Do sieci wyciekły pierwsze przecieki na temat nowego telefonu Google – Pixel 6 Pro. Wygląda na to, że firma całkowicie odeszła od poprzednich designów.
Google w końcu przestało grać bezpiecznie, jeśli chodzi o ich telefony. Pixel 6 Pro nie tylko nie jest absolutnie podobny do swoich poprzedników, ale zwyczajnie zaskakuje również niespotykanym nigdzie indziej designem.
Już na pierwszy rzut oka możemy dostrzec naprawdę ciekawy ekran – 6,7 calową matrycę AMOLED. Oczywiście jak na flagowca przystało, z wbudowanym czytnikiem linii papilarnych. Niestety, nie znamy jeszcze częstotliwości odświeżania matrycy, tak naprawdę dopiero ona ustali z jakiej klasy ekranem mamy tutaj do czynienia.
Zobacz: Gadżety do smartfona
Bardzo interesująco zapowiadają się również aparaty fotograficzne. Google po raz pierwszy postawiło na więcej niż 2 obiektywy w telefonach Pixel. Na pierwszych zdjęciach (a właściwie raczej renderach) wyraźnie widać, że jeden z nich to obiektyw peryskopowy. Dwa pozostałe to niemal na pewno główny aparat i obiektyw szerokokątny.
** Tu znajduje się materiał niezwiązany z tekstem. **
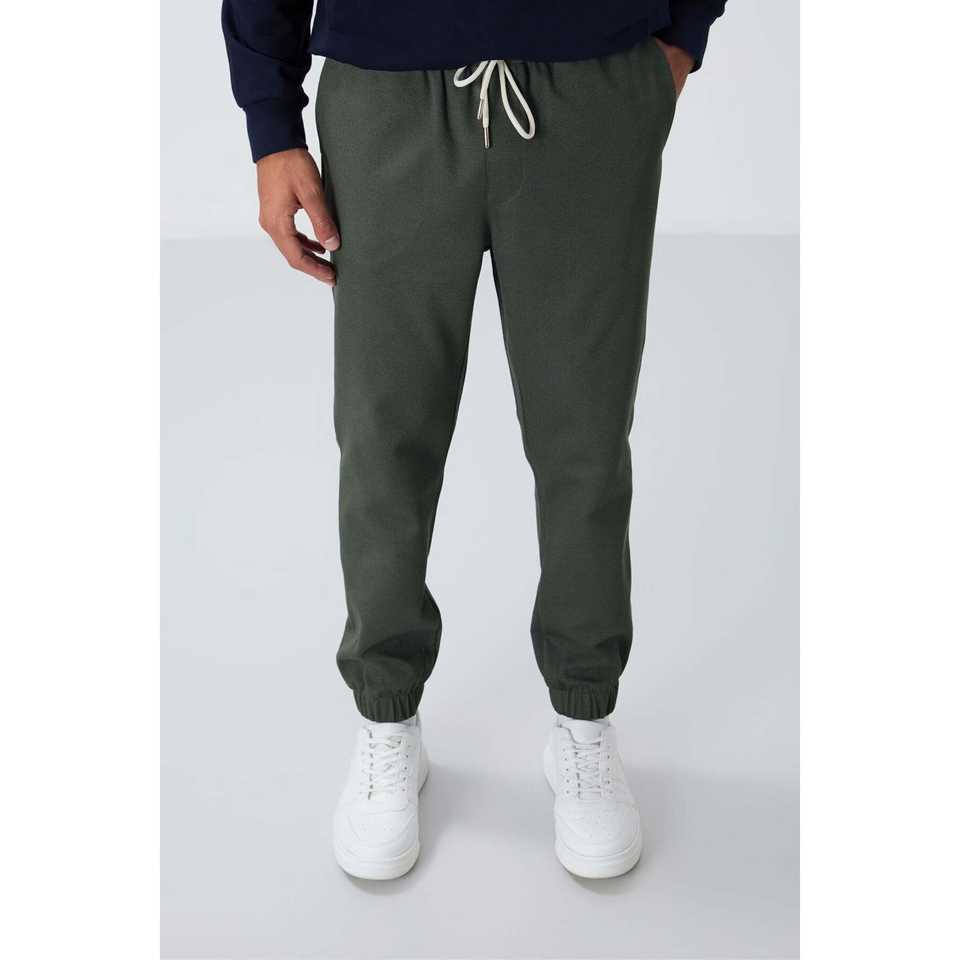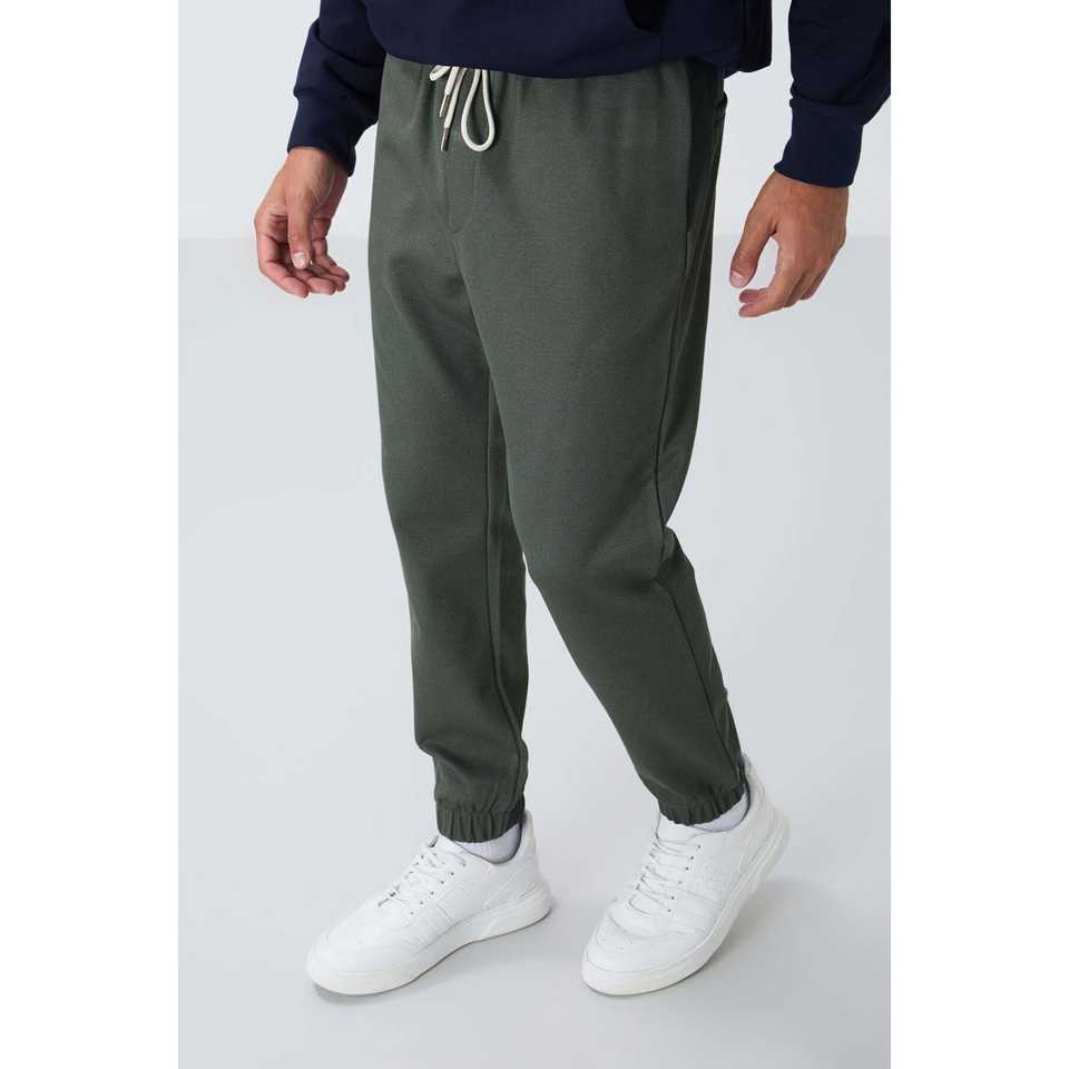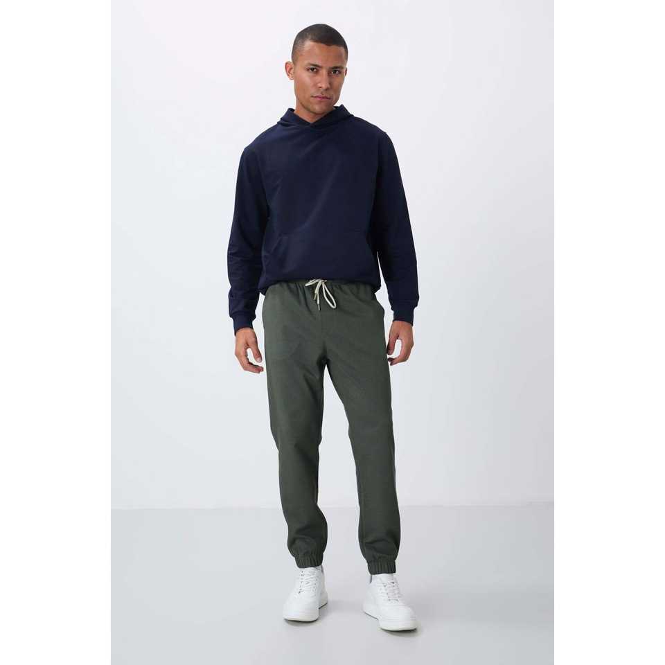 Pantalon de survêtement texturé kaki pour homme, taille élastique, décontracté, respirant, coupe standard

Niestety, to tak naprawdę wszystkie dane techniczne które mogliśmy wyciągnąć z tego niewielkiego przecieku. Od dawna jednak możemy natknąć się na plotki, jakoby sercem Pixel 6 Pro miał być niestandardowy układ od Google – Whitechapel. Na tę chwilę równie dobrze może to jednak być po prostu Snapdragon.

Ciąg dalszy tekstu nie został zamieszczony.